The wedding veil may be considered old-fashioned, but it remains one of the most recognisable symbols of a bride. Many brides do not consider their wedding outfit complete until it is topped off by a frothy concoction of tulle or silk. The styles may have changed from the earliest of historical veils, but the tradition continues.
Wedding veils are thought to have first appeared during the Greek and Roman classical periods. Veils during this time were brightly coloured. During medieval times, veils were the height of fashion, often appearing attached to conical hats. Since then, the hats have shrunk in height, but the veils have not disappeared.
Veils may have been worn during the Greek period and throughout the Middle Ages as a method for disguising the bride from the eyes of evil spirits. If the bride's face could not be seen, spirits and evildoers would not be tempted to steal her way. Other superstitions involve the bride not seeing herself in both her gown and veil before the wedding, or bad luck with follow. Wearing the veil of a happily married woman is considered a way to ensure a joyful marriage.
Veils were, and still are, worn for religious purposes. In many religious traditions, including some sects of Christianity, Judaism and Islam, the head should be covered when in a place of worship as a sign of humility before God. The veil, particularly if attached to a small cap, fulfils this need.
Wedding veils may have developed from the early practice of arranged marriages. The bride's face was not revealed until the marriage was complete, in order to prevent the groom from backing out of the arrangement. Brides around the world wear veils, although they may be made out of different colours and come in a variety of shapes. Chinese brides often wear red, a lucky colour, on their wedding day.
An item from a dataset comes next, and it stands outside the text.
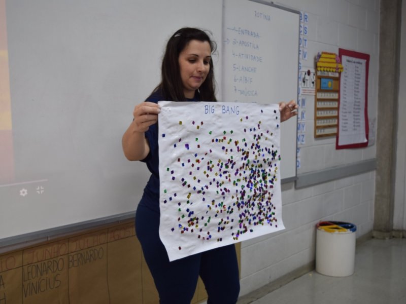 Nas aulas seguintes, os pequenos aprenderam sobre a nossa galáxia, a Via Láctea. Cada estudante desenhou e representou um elemento: todos os planetas, o Sol, a Lua, estrelas e até mesmo cometas. Isso tudo para entender como funciona todo o Sistema Solar.
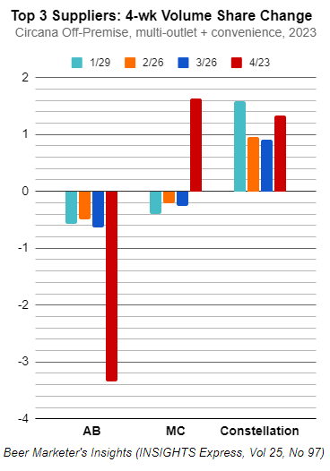 AB shed 3.3 share of beer industry volume to 39.7 for 4 wks thru Apr 23 in Circana multi-outlet + convenience data. Based on 9.4% decline, AB's 4-wk share loss was 5-7x its 0.5-0.6-pt dips in prior periods (see chart below). Molson Coors went from losing 0.2-0.4 share of volume to picking up 1.6 share last 4 wks, hitting 22.4 share on 5.9% volume gain. And Constellation picked up more share than it had been, +1.3 to 14.4 share as volume jumped 8.1%. By $$, AB off 5.4%, while MC almost matched Constellation's growth rate, +11.5% and +12.4%, respectively. In fact, if MC had shed same 0.2 share of $$ it lost the prior 4-wk period thru 3/26, Constellation would've passed it to be #2 brewer by $$ in scans.

In the west, white is considered a colour of purity, and the veil mirrors this by representing modesty and chastity. Since bridal veils became popular in the west, starting during the Victorian period, they were reserved for first-time brides. However, the decision is left up to the modern bride. Many women choose to wear them, not as a guard against evil spirits, but as a way to accentuate their features and add another layer of tradition to their wedding outfit.